Android malware threats surge

Android malware threats surge

Malware threats to the Android operating system have surged by more than 1,200% during the past three months, according to a new report by security firm McAfee.

In its quarterly Threats Report, McAfee said there had been a steep increase in malware attacking the platform. The firm collected and identified 7,000 threats through to 31 March 2012.

This represents a dramatic increase on the 600 samples it had identified in the quarter to 31 December 2011.

Vincent Weafer, senior VP of McAfee Labs, said: ‘The same skills and techniques that were sharpened on the PC platform are increasingly being extended to other platforms, such as mobile and Mac; and as more homes and businesses use these platforms, the attacks will spread, which is why all users, no matter their platforms, should take security and online safety precautions.’

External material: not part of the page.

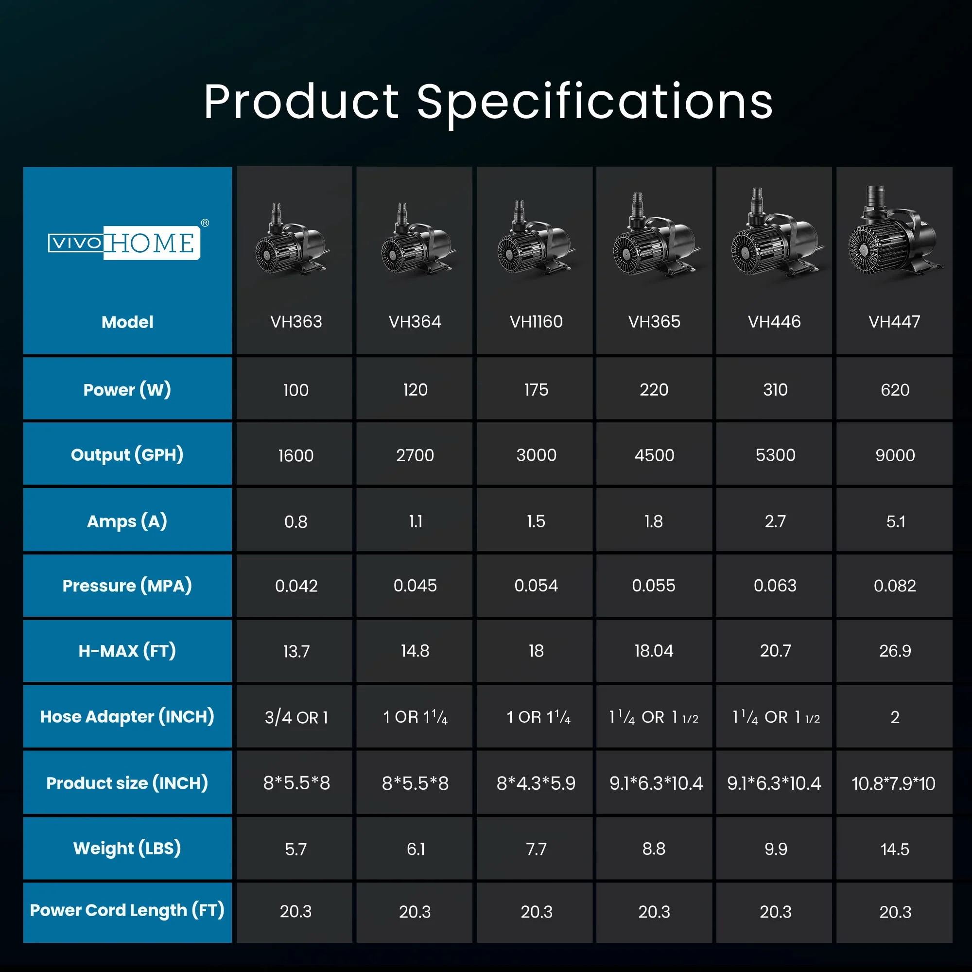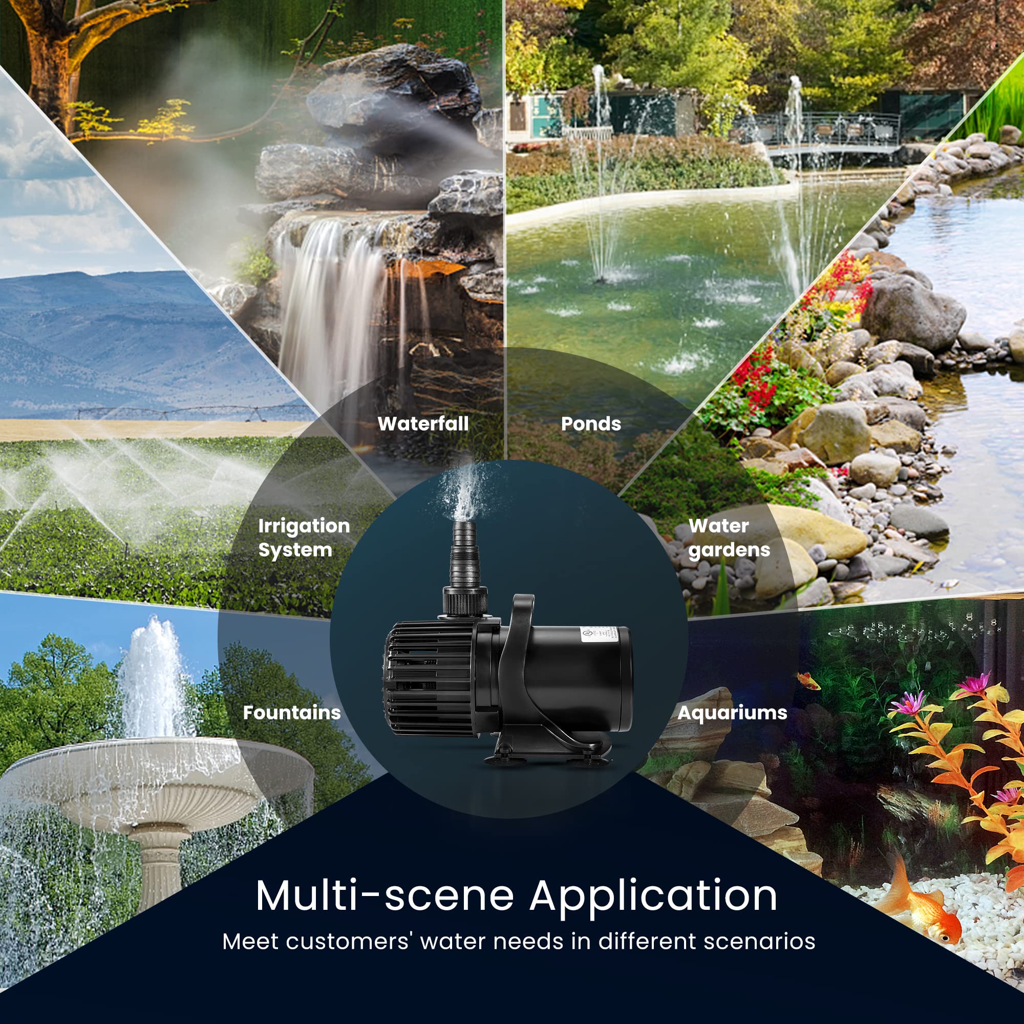 - PROFESSIONAL PUMP - VIVOHOME high-pressure water pump equipped with hefty impellers could bring great powerful water flow with a low power consumption; It is designed for multiple applications including koi/fish ponds. water gardens. fountains. aquariums. waterfalls. statuary hydroponic. irrigation systems and water features; It can function properly when submerged underwater and also can be used terrestrially. but long-time terrestrial use is NOT recommended

McAfee revealed that the overwhelming majority of attacks on the Android platform came from third party marketplaces, rather than Google Play. The firm recommended that users only download apps from Google’s official marketplace. It added that the source of almost all of the malware attacks was either China or Russia.

The company said the most common form of malware is programs that generate financial profit. Among the examples given was a program that creates a fake landing page for a banking website. The program can then obtain a user’s security details when they try and access the fake site on their phone.

McAfee said there had been a significant increase in so-called ‘adware’, which displays advertisements on a user’s phone without permission. Other examples of this include a wallpaper  that contains added sales pitches, and fake versions of games that send visitors to advertising sites.

The company added that the Android operating system had been targeted by a number of ‘Backdoor Trojans’, which allows the phone to be controlled by a third party. These trojans were most commonly used to send premium rate SMS messages from a hijacked phone.

However, the report also warned that Android had been targeted by one of the first destructive trojans. Dubbed ‘Moghava’, this malware searches for photos stored on an SD Card, and adds the image of the Ayatollah Khomeini to each photo.

The report said: ‘The writing is clearly on the wallpaper: we must protect all devices, mobile or otherwise, that have valuable data. If not, today’s cybercriminals will be happy to handle it for us.’